The film shifts through history using lots of flashbacks.

The story begins in Snow's later life, when he received treatment from a selected Chinese medical expert in Switzerland. The film then jumps to when he first stepped on Chinese soil in the 1930s, then to the scenes where Mao showed great concern for his old friend's disease.

The whole story comes to a climax as formal Sino-US diplomatic relations are established in 1972.

The film is less about Mao's charisma as a great leader, unlike other films such as "Chongqing Negotiation" (Chongqing Tanpan) and "The Making of A New China" (Kaitian Pidi).

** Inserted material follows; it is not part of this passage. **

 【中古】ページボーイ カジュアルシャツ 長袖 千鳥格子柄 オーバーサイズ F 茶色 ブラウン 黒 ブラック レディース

Mao's life in cave-dwellings, his inquiries into angry farmers, his free talk with Snow at the dinner table and his visit to the simple funeral of a young soldier are what the movie displays most.

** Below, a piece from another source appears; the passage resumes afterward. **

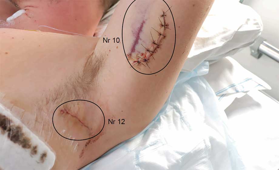 En av poliserna mottog ett hugg rakt i bröstet som trängde så långt in att det punkterade lungan. Om han inte snabbt kommit under vård skulle han avlidit av skadorna. Den andra polisen fick motta ett hugg över armen och skadades mindre allvarligt.

Director Song said he had tried to bring to life Mao's individuality, cultural character, poetic disposition and human nature.

"Despite their different nationalities and cultural backgrounds, Snow and Mao had a mutual understanding and a mutual respect, and in this way their hearts were close and helped nurture a life-long friendship," said Song.

With a time span of more than 30 years, the film needed a large crew of actors, costumes, background props and interior and exterior settings. Mao and Snow were played by different actors in their youth and old age.

"Most roles are public figures that people are very familiar with, which posed great challenges for the actors," said Song.

To represent their characters well, actors need to have a profound knowledge of the facts surrounding their lives, Song said.

If the film's preview is representative of the work, Edgar Snow's portrayal is touching and young actor Wang Ying's depiction of Mao gives another subtle dimension to the great Chinese hero.

John A. Gardner, who came to China 17 years ago and speaks fluent Chinese, plays the young Edgar Snow in the film.

"I respect Snow for his objective report about China and I love China as much as Snow," said Gardner.

The young American, who has little professional experience in performing, was highly praised for his shaping of Snow by the crew members.

"In some circumstances, I find it hard to imagine what and how a reporter would do and the director gave me many suggestions," said Gardner, who seems satisfied with his performance.

"I am planning to bring this film to American audiences," he said. "Young Americans should watch the film and learn more about Snow and his friendship with Mao and China."

Wang Ying, who plays a younger Mao Zedong in the 1930s, delivers a better performance than Gu Yue, a long-time Mao double in Chinese films, who acts as older Mao in the 1960s and 1970s with a rigid, stereotyped approach.

In this film, all dialogue between Chinese and foreigners are in English.

Many clips from original documentaries are used in the film, so that the audience can get a glimpse of the confidential talks in Zhongnanhai in the 60s between Mao and Snow, and of Mao's historic greeting of Snow on the Tian'anmen Rostrum in the 1970s.

With an investment of about 5 million yuan (US$625,000), the three-hour film was produced by Changchun Film Studio, Jiangxi Film Studio and Jiujiang Yangtze Film Studio.

The film was awarded a special prize by the jury in the Fifth China Changchun Film Festival late last year, and was well received by audiences attending the Eighth Beijing Film Festival of University Students in April.